• _Directions for this task_
The response must reproduce exactly every line of the material below holding the word "Slika".
Segment Start: Records shown
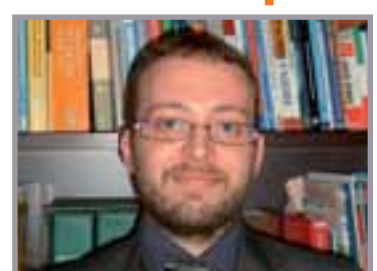
A cura di: Rag. Francesco Argentini Consulente del Lavoro. Partner STUDIO RB

scritta e convalidato da entrambe le parti e approvato dalla Direzione territoriale del lavoro dopo aver ascoltato il dipendente. In ogni caso si ricorda che dal 1° gennaio 2012, viene abrogata la convalida di trasformazione dei contratti di lavoro da tempo pieno a tempo parziale presso la Direzione territoriale del lavoro competente per territorio, così come previsto dalla Legge 183 del 12 novembre 2011.
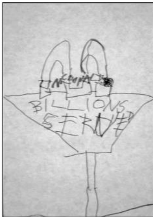
Slika 1. Crtež zgrade McDonald's-a (Emery, 2004.)

Emery (2004.) je u svom radu prikazala i napredak kod spomenutog dječaka u pogledu ponosa zbog svog postignuća koje je uspjela dobiti kod djeteta, a što je vrlo važno u socijalnom učenju odnosa. Nakon što je dječak nacrtao zgradu McDonald's-a, s jasno izraženim znakom i detaljno označenim linijama krova (Slika 1), terapeutkinja ga je upitala kako bi mogao doći do McDonald's-a kako bi jeo omiljenu hranu. Odgovorio je automobilom te da bi ga odvezla majka. Terapeutkinja ga je zamolila da nacrtaj automobil koji ide prema restoranu. Prvo je zabrinuto tražio igračku automobila kako bi ga mogao pogledati i nacrtati, no terapeutkinja ga je ohrabrila da nacrtaj svoj automobil i kako je sigurna da bi bio predivan. Dječak je nacrtao automobil (Slika 2) i majku s rukama na volanu te sebe na stražnjem sjedalu.
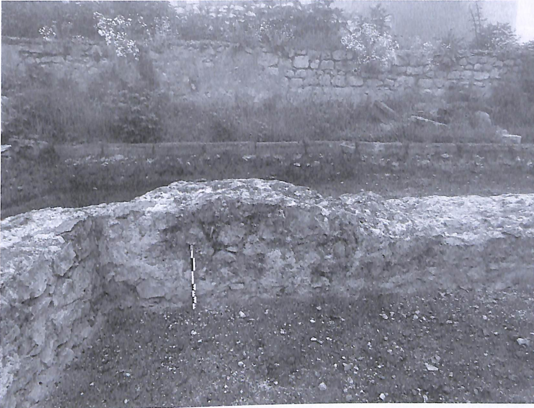
Նկ. 7 - Սուլաղի հետքեր եկեղեցու պատերի վրայ
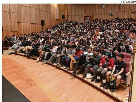
EL AULA MAGNA UACH FUE UNA DE LAS SALAS MÁS CONCURRIDAS.
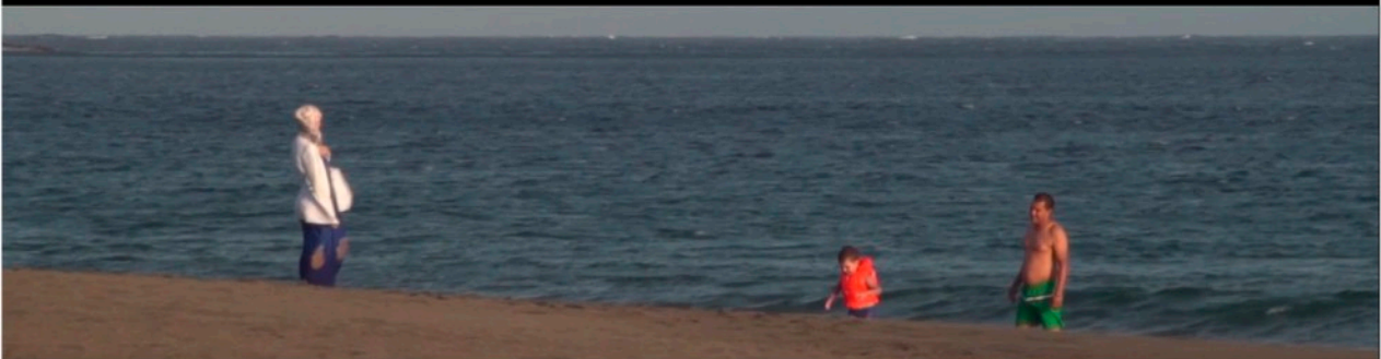
Frames from Cuerpos In.Visibles

Documental presentado como work-in-progress en el Congreso Internacional "Artes y diversidad" en Murcia, España, en noviembre de 2019.
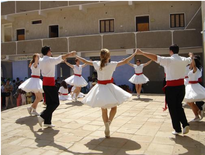
Kuvio 14. Sardana tanssijoiden vaatetus.

Sardanan vaatetukseen kuuluu naisille hame ja miehille housut. Molemmilla on nauha vyötärön ympärillä ja jaloissa espadenyes eli katalonialaiset tossut. Koska sardanaa voi
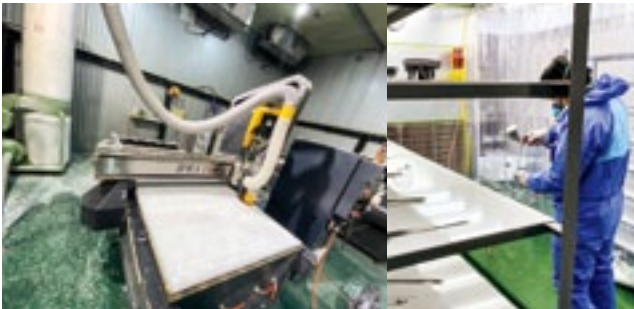
削り出した部品に手作業で塗装を施して仕上げる

樹脂文字は複雑な加工が可能で、魅力的な製品ですが機械設備とそれを扱う社員のスキルも必要なため新規参入は難しい製品です。自社製造が困難な企業は少なくありませんからそうした先に営業を行うことで、互いに利益を得られる関係を築けると考えています。
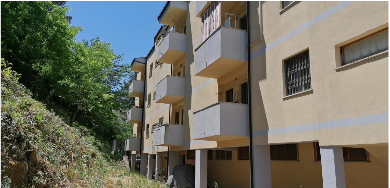
2) Prospetto posteriore del fabbricato
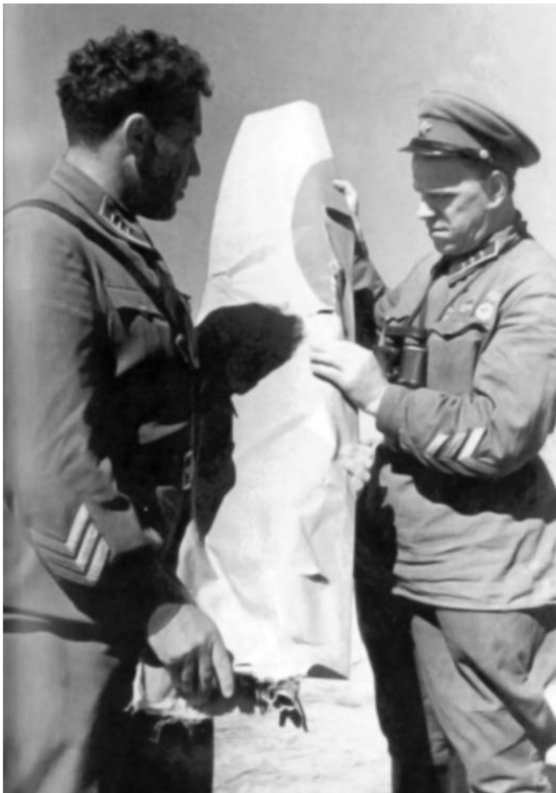
Зримые результаты поддержки с воздуха. Командующий советской авиагруппой на Халхин-Голе Я.В.Смушкевич демонстрирует Г.К. Жукову кусок перкаля со сбитого японского самолета.

До 22 июня 1939 г., когда состоялось крупное воздушное сражение, прибывшая в Монголию «команда звезд» сделала очень многое для повышения боеспособности советских ВВС на Халхин-Голе. Прибыли новые авиачасти, устаревшие самолеты были выведены из состава
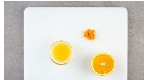
2. Orange vorbereiten

Die Birnen , die Brötchenwürfel und die Ricotta-Mischung gründlich vermengen und in einer kleinen Auflaufform im Ofen 24-30Min. backen, bis der Ricotta gestockt ist. Den Brotpudding mit Alufolie abdecken, falls er zu schnell dunkel wird.
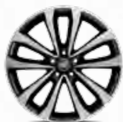
Jante de aliaj diamantate 17"
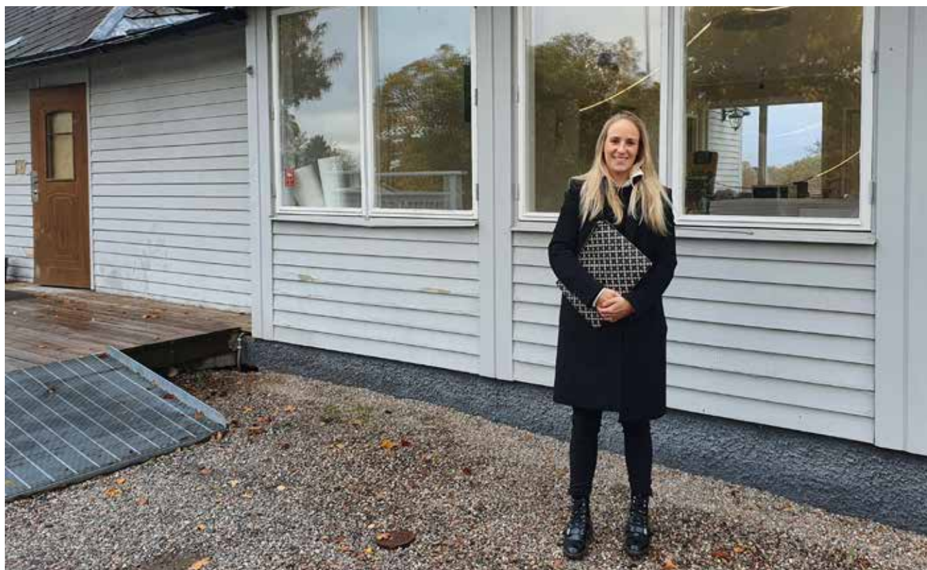
Text och foto: Karin Wejderot
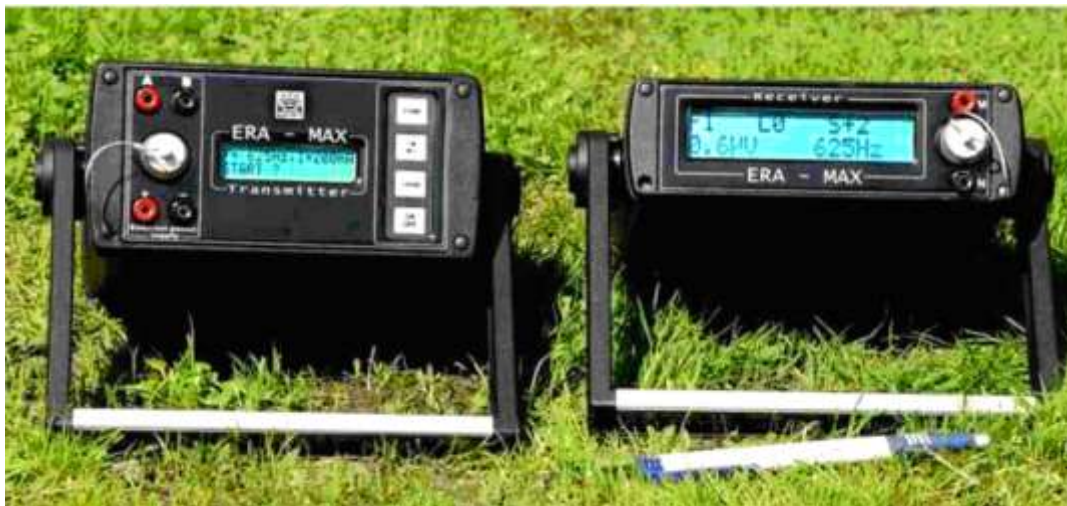
Рисунок 4.1 – Электроразведочная аппаратура ERA-MAX

Измерение потенциалов блуждающих токов на площадке изысканий выполнено по двум взаимно перпендикулярным направлениям при размере приемных линий MN=100 м. Время регистрации составило 15 минут с дискретностью наблюдений 15 сек.
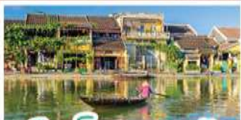
เมืองโบราณเฮงฮัน

! พักบนเขาน้ำฮิลล์ 1 คืน ! สัมผัสอากาศเย็นตลอดปี สโตร์ฝรั่งเศสสุดคลาสสิก - นั่งกระเช้ายาวที่สุด สูบานาฮิลล์ สุกสุดมันส์ไปกับสวนสนุก The Fantasy Park นมัสการเจ้าแม่กวนอิมองค์ใหญ่ที่สุดของเมืองดานัง - เช็กอินเมืองมรดกโลกฮอยอัน - สนุกสนานไปกับกิจกรรม!!นั่งเรือกระดิง หมู่บ้านกัมทาน เช็กอินร้านกาแฟ SON TRA MARINA CAFE - ไม้ลงร้านช้อปปิ้ง - อิ่มอร่อยกับบุฟเฟ่ต์นานาชาติ , หม้อไฟซีฟู้ด
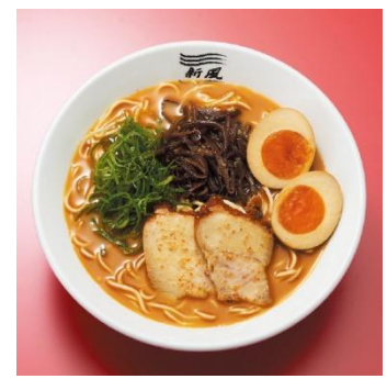
旨みと辛みのバランスが 絶妙な一杯
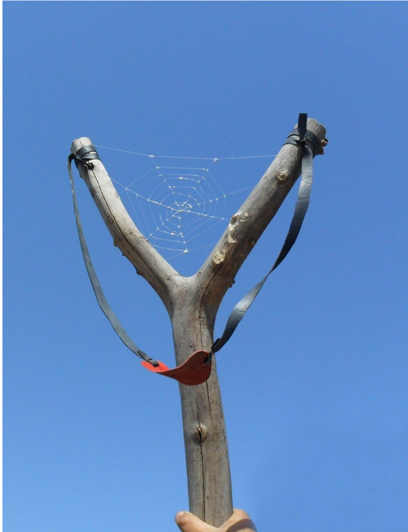
Hope , 2011, גומי, חוט דייגים Hope , 2011, خشب, مطاط, خيط صيادين Hope , 2011, Wood, rubber, fishing thread, 64/40
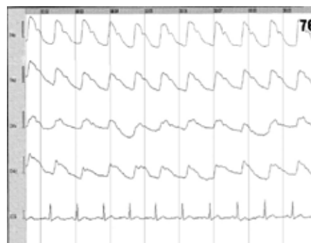
Рис. 4. РЕГ тієї ж пацієнтки П., 57 р., через 30 днів після початку користування знімним протезом.
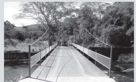
Ponte de Santo Antônio

Pontes SANTA INÁCIA SANTO ANTÔNIO CAMPO ALEGRE QUIRINO/JOÃO DIAS PRADO
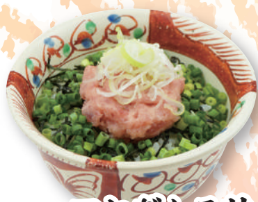
ハーフねぎとろ丼 690円(税込759円)
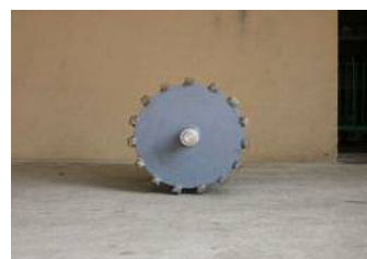
修復後のテールプリー(側面より)
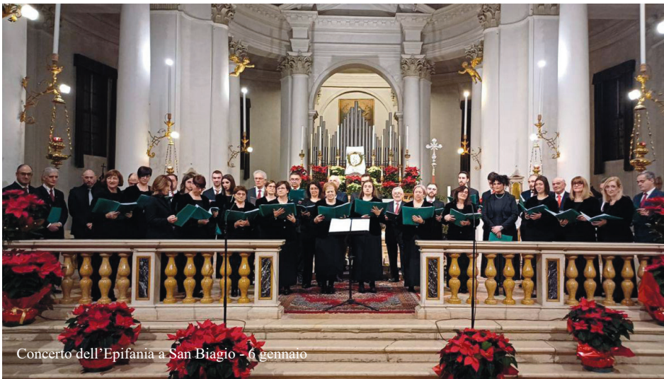
Concerto dell'Epifania a San Biagio - 6 gennaio
Segment End: Records shown
• _Solution to the problem_
Slika 1. Crtež zgrade McDonald's-a (Emery, 2004.)
Emery (2004.) je u svom radu prikazala i napredak kod spomenutog dječaka u pogledu ponosa zbog svog postignuća koje je uspjela dobiti kod djeteta, a što je vrlo važno u socijalnom učenju odnosa. Nakon što je dječak nacrtao zgradu McDonald's-a, s jasno izraženim znakom i detaljno označenim linijama krova (Slika 1), terapeutkinja ga je upitala kako bi mogao doći do McDonald's-a kako bi jeo omiljenu hranu. Odgovorio je automobilom te da bi ga odvezla majka. Terapeutkinja ga je zamolila da nacrtaj automobil koji ide prema restoranu. Prvo je zabrinuto tražio igračku automobila kako bi ga mogao pogledati i nacrtati, no terapeutkinja ga je ohrabrila da nacrtaj svoj automobil i kako je sigurna da bi bio predivan. Dječak je nacrtao automobil (Slika 2) i majku s rukama na volanu te sebe na stražnjem sjedalu.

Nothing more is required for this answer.